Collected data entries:

- - - -

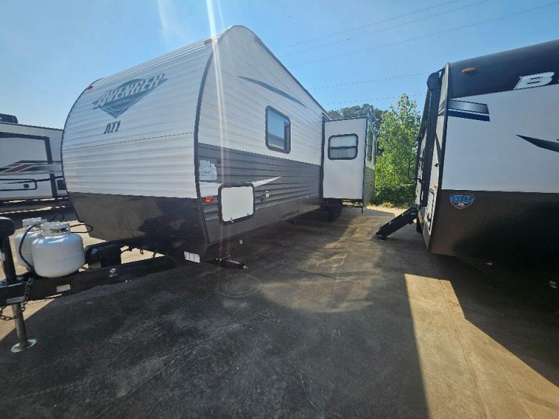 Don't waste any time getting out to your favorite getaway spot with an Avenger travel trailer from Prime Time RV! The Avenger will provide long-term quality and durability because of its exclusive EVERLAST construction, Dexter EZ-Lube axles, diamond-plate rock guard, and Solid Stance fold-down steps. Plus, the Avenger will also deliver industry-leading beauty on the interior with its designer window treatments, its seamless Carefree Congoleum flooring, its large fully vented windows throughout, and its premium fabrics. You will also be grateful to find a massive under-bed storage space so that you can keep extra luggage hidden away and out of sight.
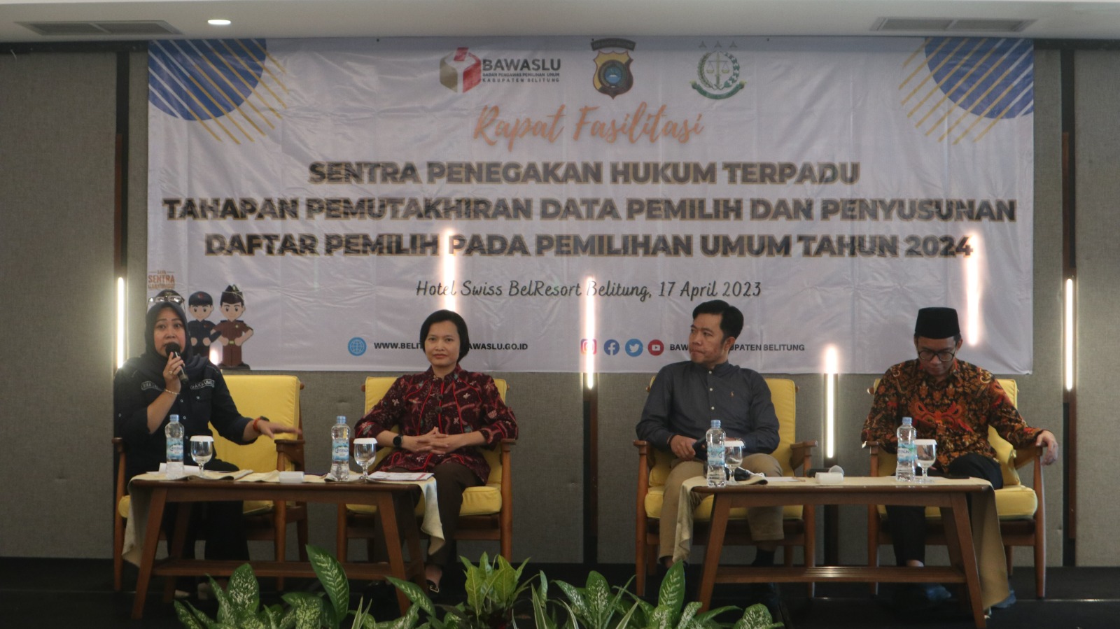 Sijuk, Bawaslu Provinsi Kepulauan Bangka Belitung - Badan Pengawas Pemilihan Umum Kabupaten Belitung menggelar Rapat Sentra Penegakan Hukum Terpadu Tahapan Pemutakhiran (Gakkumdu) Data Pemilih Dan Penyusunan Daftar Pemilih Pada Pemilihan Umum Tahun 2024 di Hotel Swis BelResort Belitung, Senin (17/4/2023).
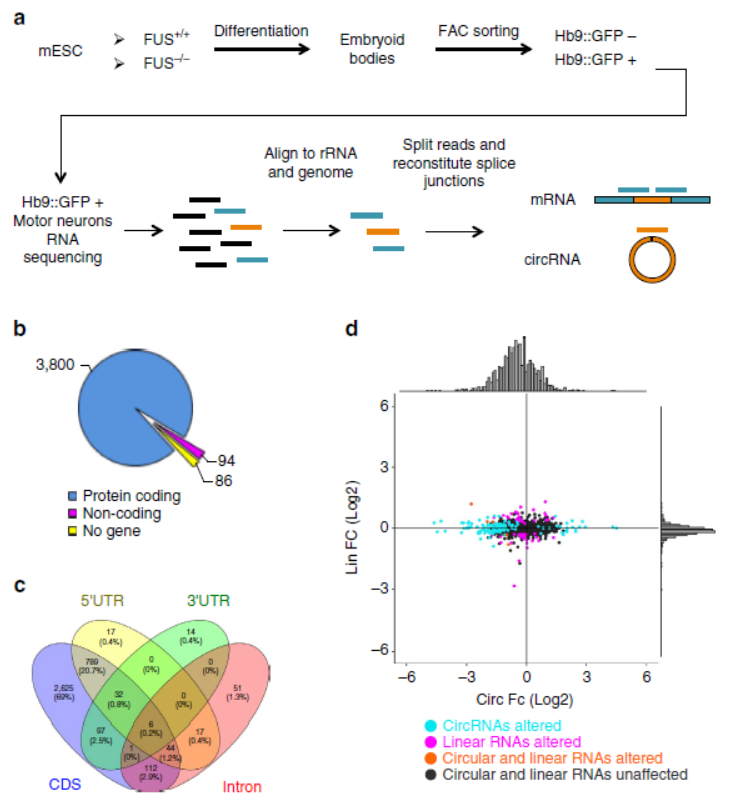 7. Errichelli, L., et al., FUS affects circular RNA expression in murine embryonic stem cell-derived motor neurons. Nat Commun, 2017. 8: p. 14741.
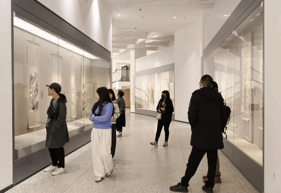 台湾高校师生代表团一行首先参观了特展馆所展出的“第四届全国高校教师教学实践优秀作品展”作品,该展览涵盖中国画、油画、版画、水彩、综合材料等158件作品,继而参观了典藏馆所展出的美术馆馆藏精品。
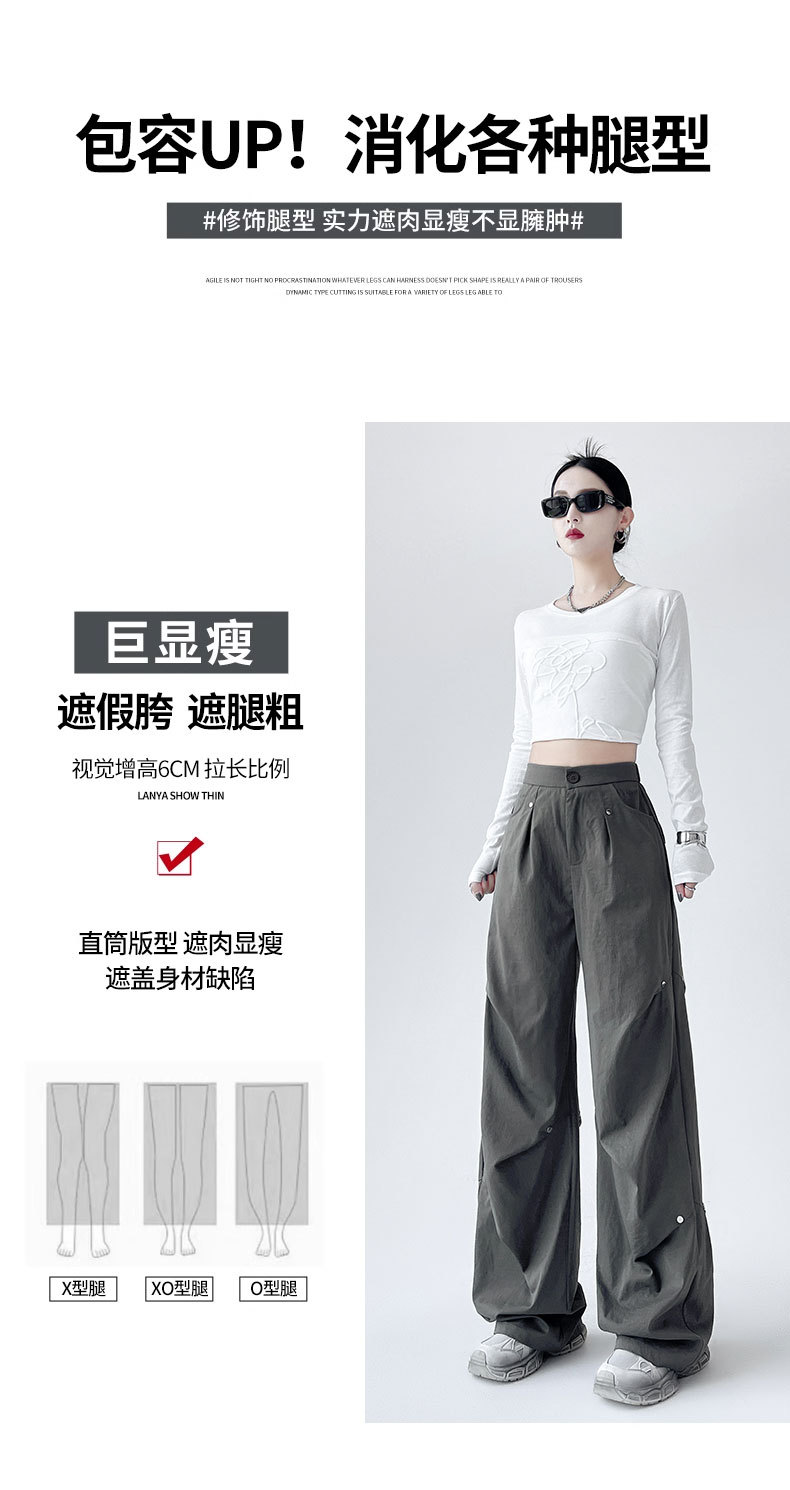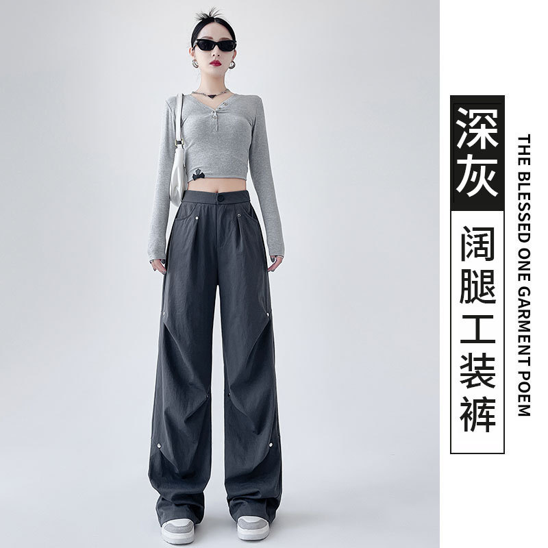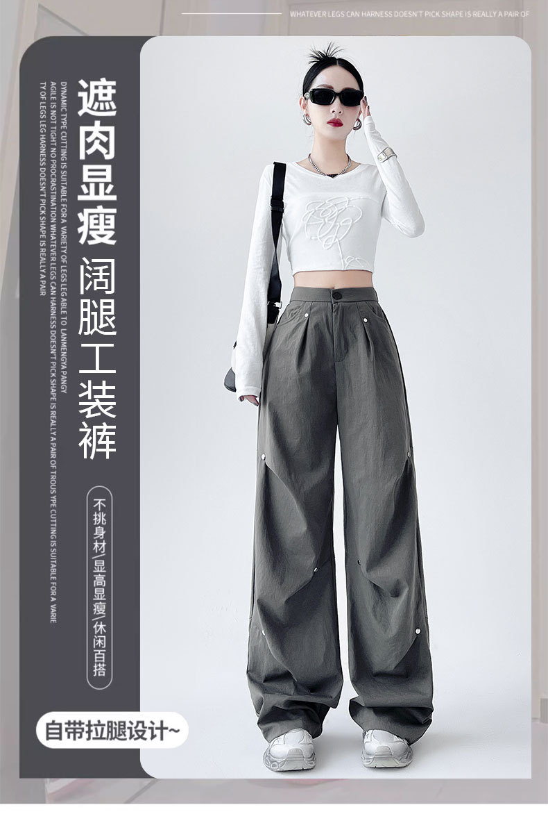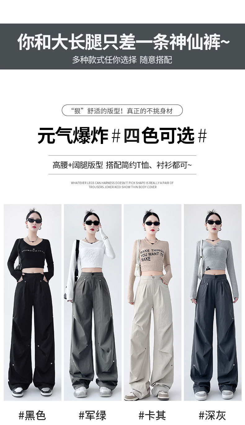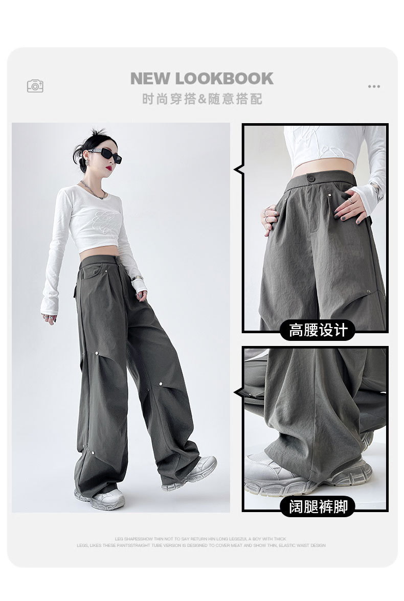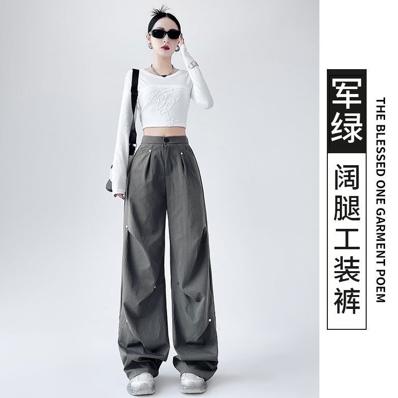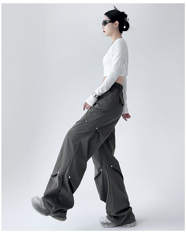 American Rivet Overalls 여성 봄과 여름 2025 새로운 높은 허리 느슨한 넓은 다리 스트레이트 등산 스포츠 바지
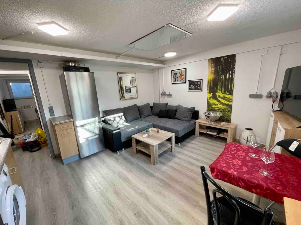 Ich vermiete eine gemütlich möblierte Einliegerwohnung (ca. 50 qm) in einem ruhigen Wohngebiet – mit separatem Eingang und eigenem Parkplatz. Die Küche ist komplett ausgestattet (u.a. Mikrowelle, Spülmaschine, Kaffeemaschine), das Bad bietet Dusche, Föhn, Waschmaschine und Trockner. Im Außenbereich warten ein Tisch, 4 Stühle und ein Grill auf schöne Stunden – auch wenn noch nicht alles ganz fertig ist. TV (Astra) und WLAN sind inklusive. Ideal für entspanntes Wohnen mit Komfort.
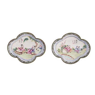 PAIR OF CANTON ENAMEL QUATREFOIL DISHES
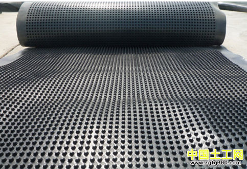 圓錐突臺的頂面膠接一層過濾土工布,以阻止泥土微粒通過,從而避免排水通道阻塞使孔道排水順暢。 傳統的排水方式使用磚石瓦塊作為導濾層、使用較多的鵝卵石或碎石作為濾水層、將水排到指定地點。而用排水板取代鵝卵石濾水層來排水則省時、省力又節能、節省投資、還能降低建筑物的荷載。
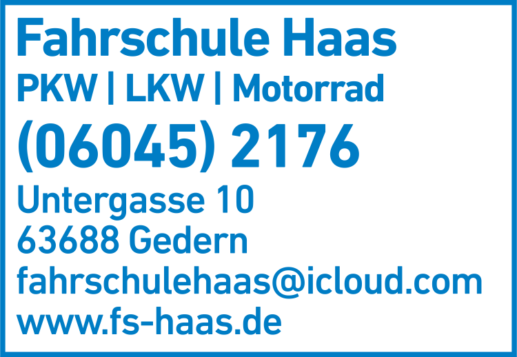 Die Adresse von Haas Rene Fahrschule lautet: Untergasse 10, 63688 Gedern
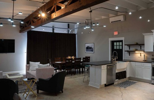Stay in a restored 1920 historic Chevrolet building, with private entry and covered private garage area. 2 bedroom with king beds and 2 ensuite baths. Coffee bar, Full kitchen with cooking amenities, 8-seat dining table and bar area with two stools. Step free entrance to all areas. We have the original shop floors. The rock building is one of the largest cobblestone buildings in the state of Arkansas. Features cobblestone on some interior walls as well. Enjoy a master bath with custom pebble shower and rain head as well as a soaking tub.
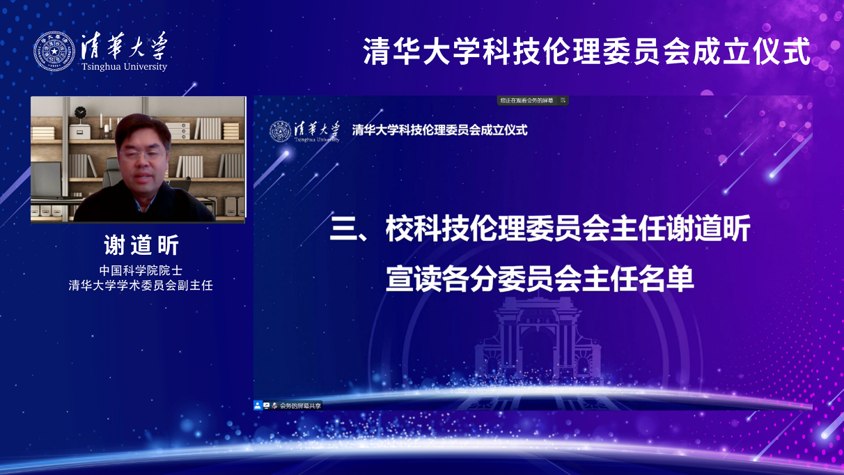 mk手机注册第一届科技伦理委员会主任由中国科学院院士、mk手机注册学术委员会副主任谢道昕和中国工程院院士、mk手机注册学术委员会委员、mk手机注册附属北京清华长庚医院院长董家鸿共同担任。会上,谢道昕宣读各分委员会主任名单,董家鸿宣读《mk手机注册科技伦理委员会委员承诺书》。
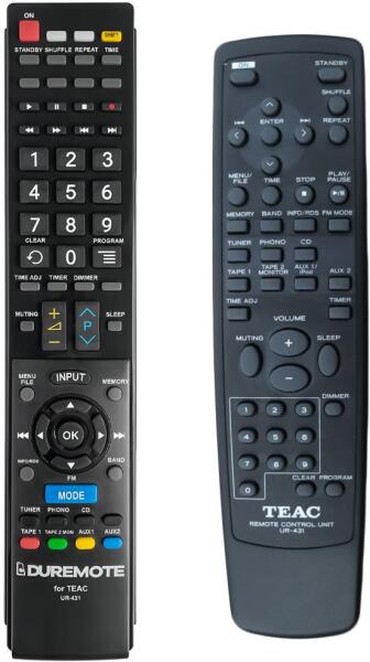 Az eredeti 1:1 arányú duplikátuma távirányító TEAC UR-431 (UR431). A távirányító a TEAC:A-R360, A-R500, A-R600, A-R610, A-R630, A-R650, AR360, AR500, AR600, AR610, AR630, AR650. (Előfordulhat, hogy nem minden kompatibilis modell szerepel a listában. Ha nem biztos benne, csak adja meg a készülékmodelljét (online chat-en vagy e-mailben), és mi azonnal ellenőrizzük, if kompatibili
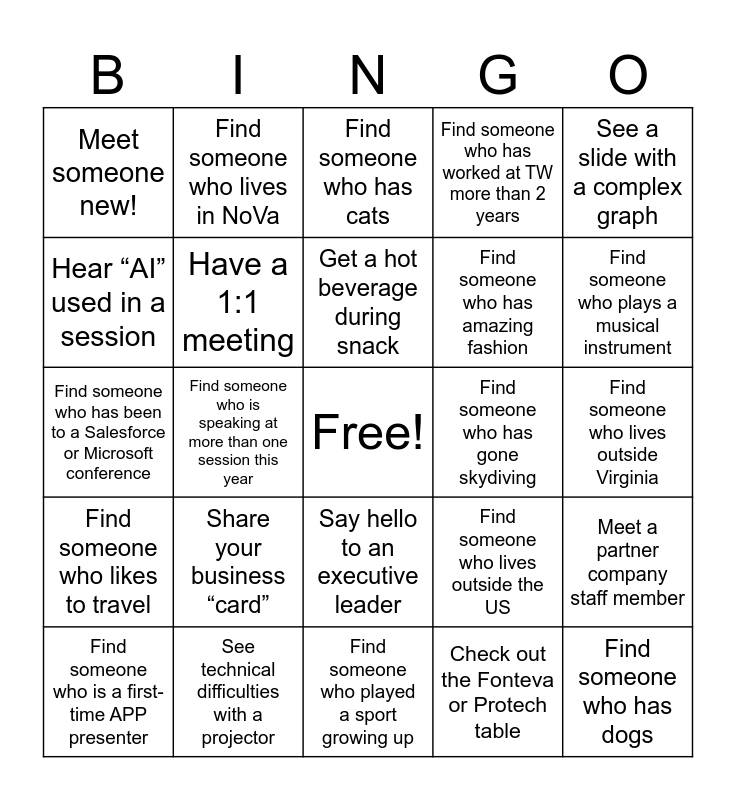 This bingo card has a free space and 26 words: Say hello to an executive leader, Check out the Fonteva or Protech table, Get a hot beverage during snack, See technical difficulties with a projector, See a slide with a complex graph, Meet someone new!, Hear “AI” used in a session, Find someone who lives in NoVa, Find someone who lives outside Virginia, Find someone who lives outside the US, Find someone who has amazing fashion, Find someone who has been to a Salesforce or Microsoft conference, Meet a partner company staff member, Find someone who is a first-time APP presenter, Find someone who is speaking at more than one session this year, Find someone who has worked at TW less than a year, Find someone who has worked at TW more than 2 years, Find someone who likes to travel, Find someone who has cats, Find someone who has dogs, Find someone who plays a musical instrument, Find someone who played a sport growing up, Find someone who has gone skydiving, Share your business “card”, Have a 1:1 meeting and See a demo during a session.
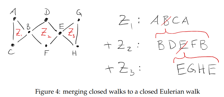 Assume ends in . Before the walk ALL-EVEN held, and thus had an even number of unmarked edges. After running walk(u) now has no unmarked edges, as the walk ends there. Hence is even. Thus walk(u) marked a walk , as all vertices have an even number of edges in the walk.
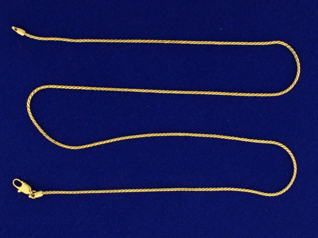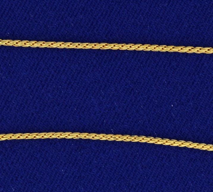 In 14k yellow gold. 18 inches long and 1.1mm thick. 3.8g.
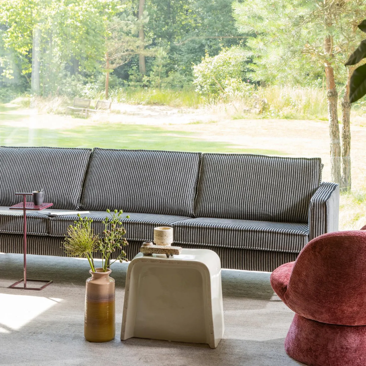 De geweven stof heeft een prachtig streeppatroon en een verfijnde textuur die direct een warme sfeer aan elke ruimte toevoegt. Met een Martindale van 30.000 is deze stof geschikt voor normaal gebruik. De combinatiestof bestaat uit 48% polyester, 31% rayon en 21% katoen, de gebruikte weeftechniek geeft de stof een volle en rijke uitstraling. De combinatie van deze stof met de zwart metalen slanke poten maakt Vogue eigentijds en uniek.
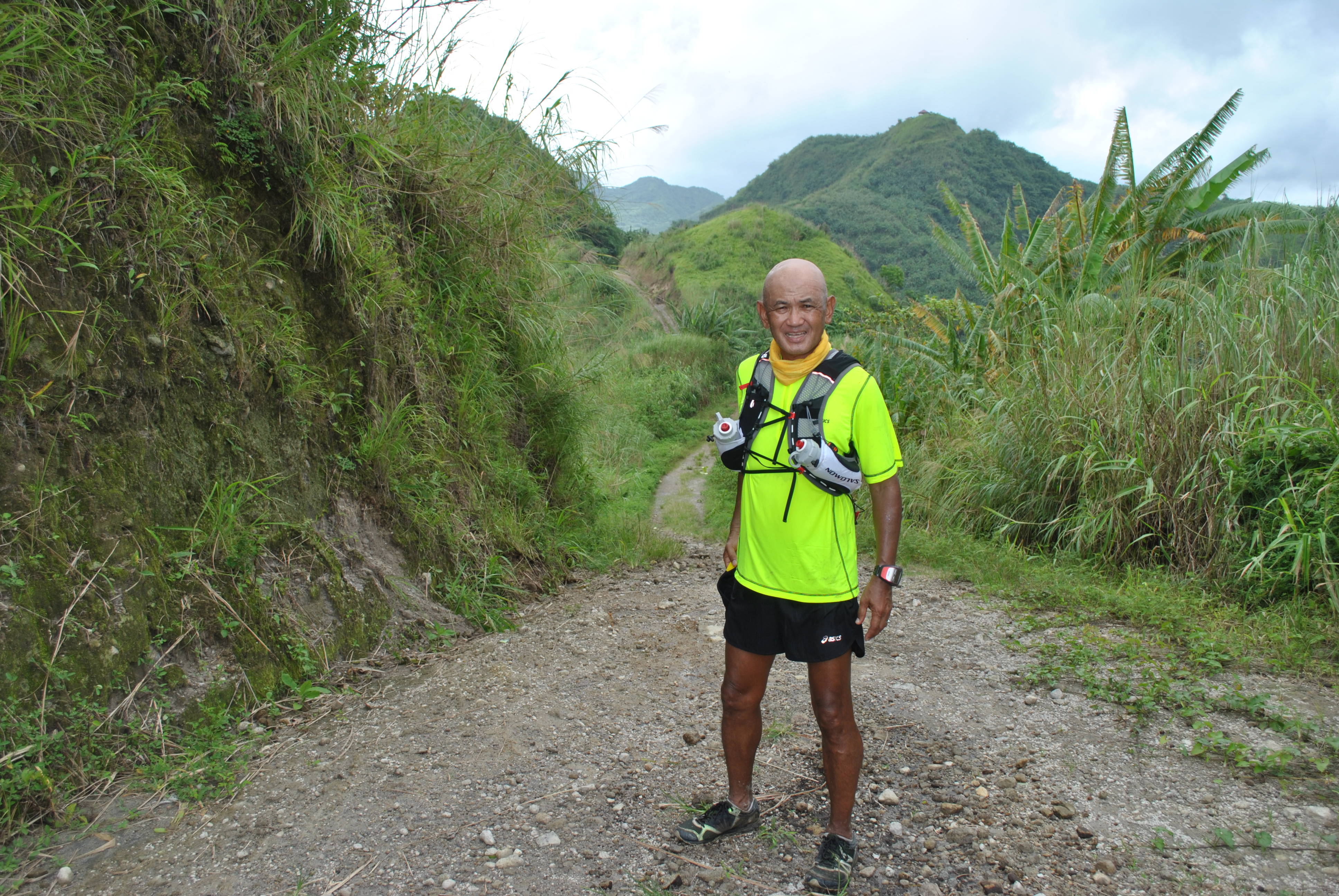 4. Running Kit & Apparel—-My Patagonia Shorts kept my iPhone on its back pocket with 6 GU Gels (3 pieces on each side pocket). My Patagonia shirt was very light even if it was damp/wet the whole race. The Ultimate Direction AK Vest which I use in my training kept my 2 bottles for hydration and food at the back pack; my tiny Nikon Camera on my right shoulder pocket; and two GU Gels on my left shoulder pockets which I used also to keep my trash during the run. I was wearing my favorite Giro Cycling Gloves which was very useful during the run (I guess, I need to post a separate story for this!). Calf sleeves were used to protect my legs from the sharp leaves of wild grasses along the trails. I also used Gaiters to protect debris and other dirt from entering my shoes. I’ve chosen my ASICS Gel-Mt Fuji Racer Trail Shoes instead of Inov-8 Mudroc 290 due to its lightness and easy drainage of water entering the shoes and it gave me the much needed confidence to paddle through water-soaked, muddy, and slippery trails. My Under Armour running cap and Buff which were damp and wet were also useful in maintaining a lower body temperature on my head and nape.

- - - -

Print exactly, with no pictures, the lines above from the one that holds "Stay in a restored" through the one that holds "Az eredeti 1:1", both of them included.

▸ ANSWER BOX
Stay in a restored 1920 historic Chevrolet building, with private entry and covered private garage area. 2 bedroom with king beds and 2 ensuite baths. Coffee bar, Full kitchen with cooking amenities, 8-seat dining table and bar area with two stools. Step free entrance to all areas. We have the original shop floors. The rock building is one of the largest cobblestone buildings in the state of Arkansas. Features cobblestone on some interior walls as well. Enjoy a master bath with custom pebble shower and rain head as well as a soaking tub.
 mk手机注册第一届科技伦理委员会主任由中国科学院院士、mk手机注册学术委员会副主任谢道昕和中国工程院院士、mk手机注册学术委员会委员、mk手机注册附属北京清华长庚医院院长董家鸿共同担任。会上,谢道昕宣读各分委员会主任名单,董家鸿宣读《mk手机注册科技伦理委员会委员承诺书》。
 Az eredeti 1:1 arányú duplikátuma távirányító TEAC UR-431 (UR431). A távirányító a TEAC:A-R360, A-R500, A-R600, A-R610, A-R630, A-R650, AR360, AR500, AR600, AR610, AR630, AR650. (Előfordulhat, hogy nem minden kompatibilis modell szerepel a listában. Ha nem biztos benne, csak adja meg a készülékmodelljét (online chat-en vagy e-mailben), és mi azonnal ellenőrizzük, if kompatibili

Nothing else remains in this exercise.